‘Unworthy of help’ - council refuses to offer bus passes to women left without state pensions
PUBLISHED: 16:13 12 August 2020 | UPDATED: 16:13 12 August 2020
Campaigners against changes to women’s state pension age say they are “bitterly disappointed” with a county council’s decision not to allow those affected to receive free bus travel early.
Activists from the Broads Pension Action in Norfolk (PAIN) group, who are fighting the state pension age increase for 1950s-born women, urged Norfolk County Council to issue the passes early.
The group highlighted action taken by Durham county council, which spent £159,000 to launch a scheme of transport concessions.

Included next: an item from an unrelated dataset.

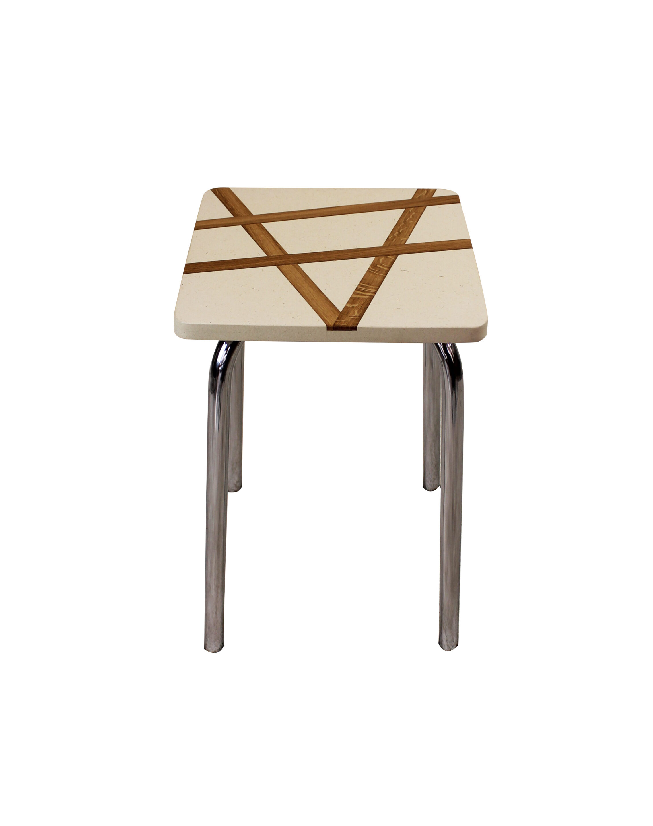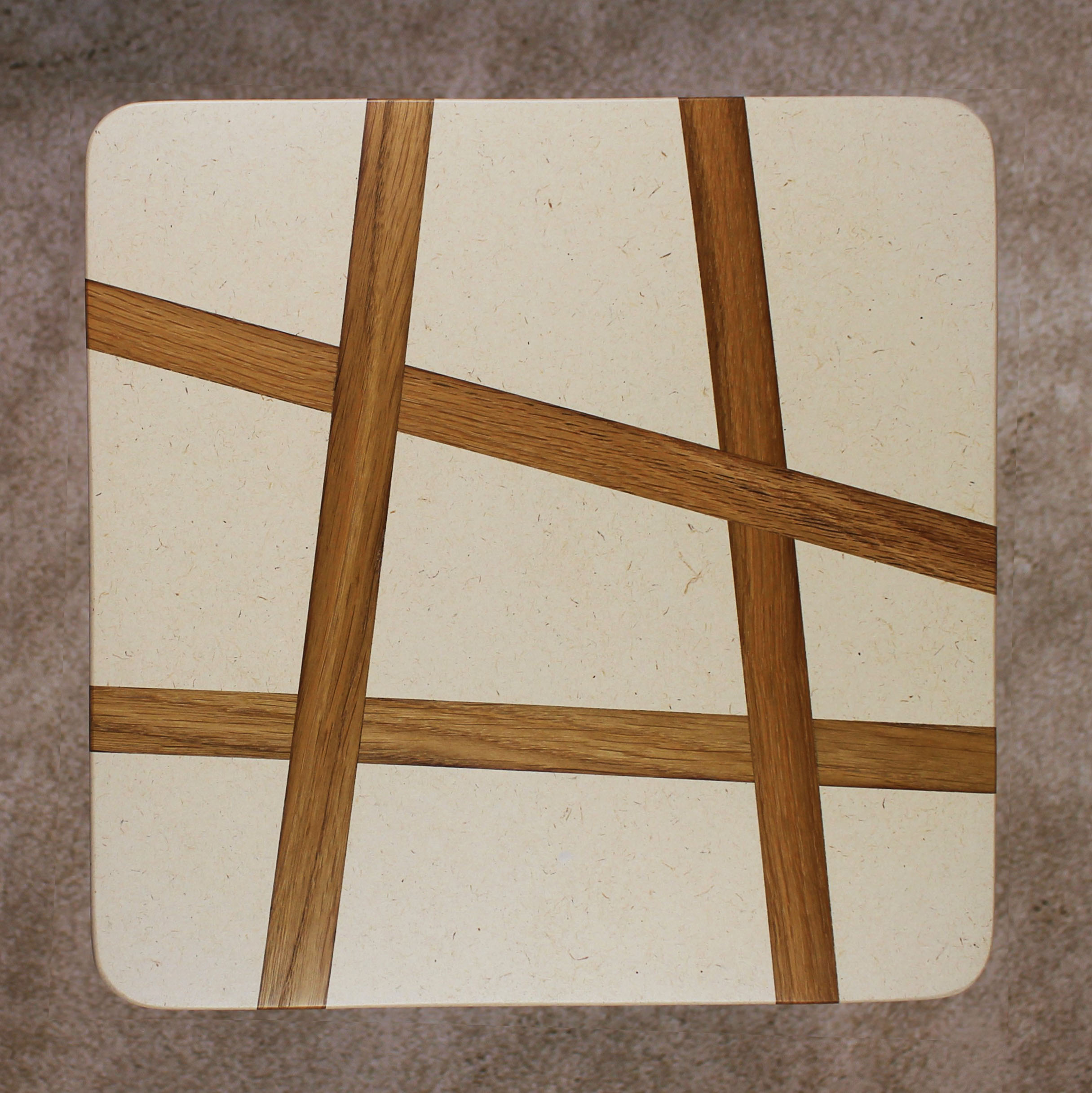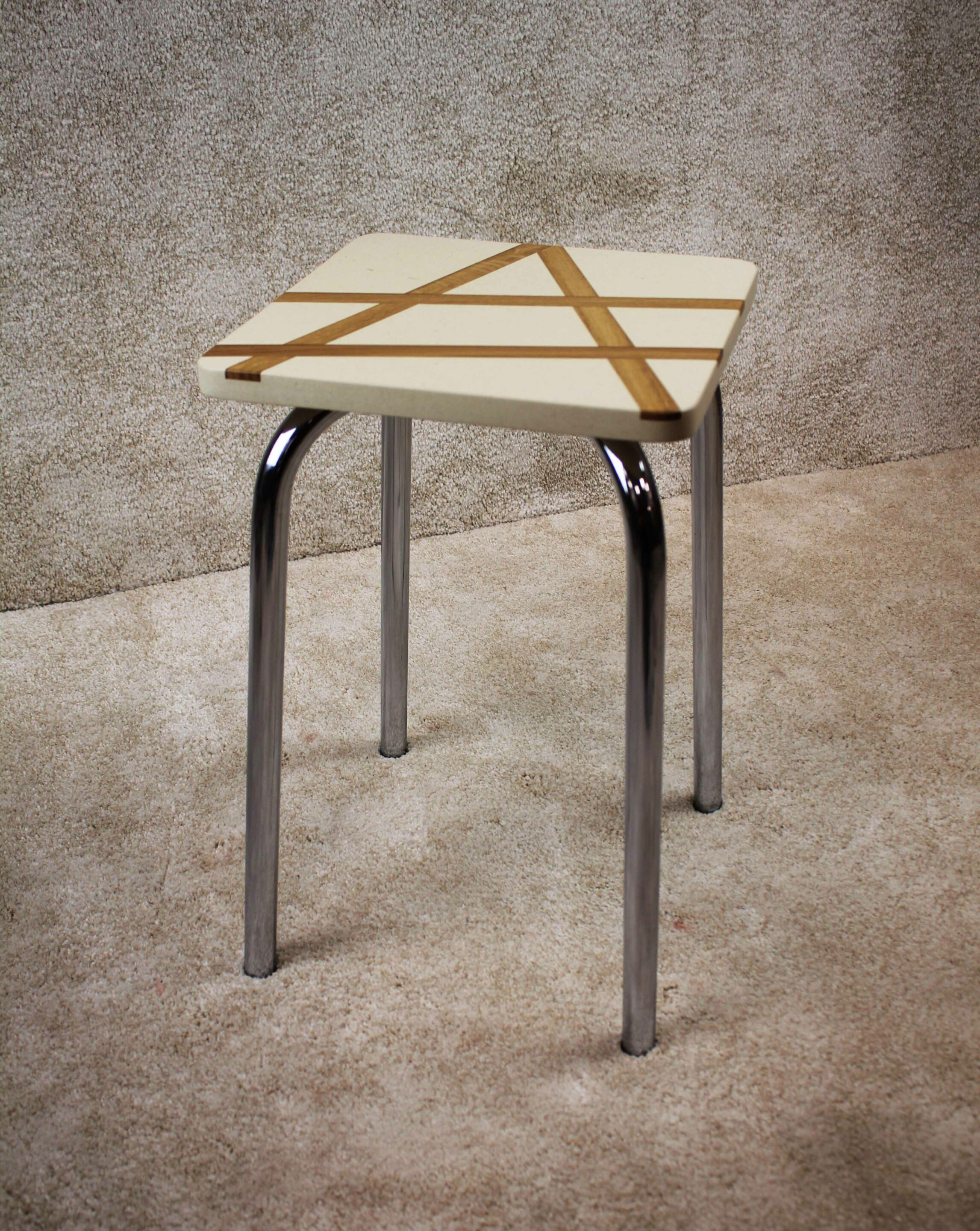 Quoi de mieux pour tester cette nouvelle colorie (WhitePearl) de Valchromat qu’un joli tabouret avec des incrustations de chêne massif ?
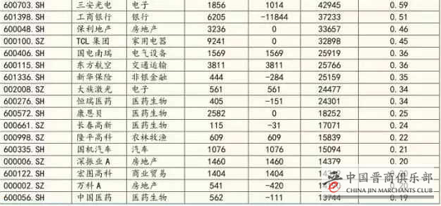 具体看所有增减持情况,三季度证金公司继续增持的公司有73家,按增持比例排序,排在前20的公司为:

But council leader Andrew Proctor said the initiative was not viable in Norfolk, due to the “current financial position”.
It comes as women were urged to “stay positive” while waiting for results of a landmark appeal court case looking to overturn the result of a judicial review, which found no “direct discrimination” by the Department for Work and Pensions (DWP) last year.
Campaigners from Backto60 sued the government and activists said women were not informed and left without financial support.
Mr Proctor, Conservative member for Blofield and Brundall, wrote to the Norfolk PAIN group and described the scheme as taking a long time to implement, with “very low levels of take-up” and a “high cost attached”.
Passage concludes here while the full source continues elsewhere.